--- Supplied material Enclosed Below ---

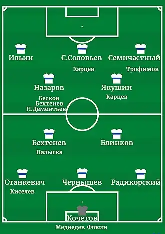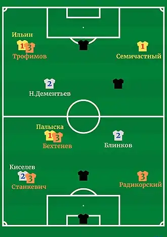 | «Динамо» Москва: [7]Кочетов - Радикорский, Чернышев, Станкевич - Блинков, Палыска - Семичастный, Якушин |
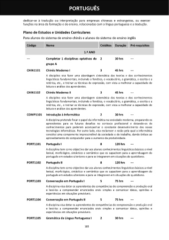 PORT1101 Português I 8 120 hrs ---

--- End of Enclosed Supplied material ---
--- Supplied material Enclosed Below ---

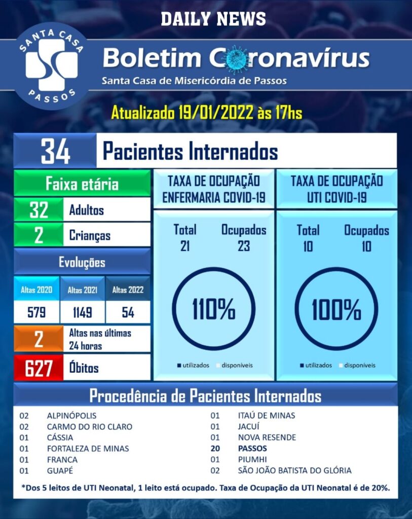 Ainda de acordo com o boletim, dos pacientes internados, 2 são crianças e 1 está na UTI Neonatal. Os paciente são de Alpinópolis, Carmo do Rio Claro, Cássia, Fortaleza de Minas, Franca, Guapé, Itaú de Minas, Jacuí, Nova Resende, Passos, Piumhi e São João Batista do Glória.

--- End of Enclosed Supplied material ---

:: What is expected ::
Your answer should be the lines above, word for word, from the line with "Семичастный, Якушин |" through the line with "PORT1101 Português I", minus the pictures.

:: Exercise output ::
 | «Динамо» Москва: [7]Кочетов - Радикорский, Чернышев, Станкевич - Блинков, Палыска - Семичастный, Якушин |
 PORT1101 Português I 8 120 hrs ---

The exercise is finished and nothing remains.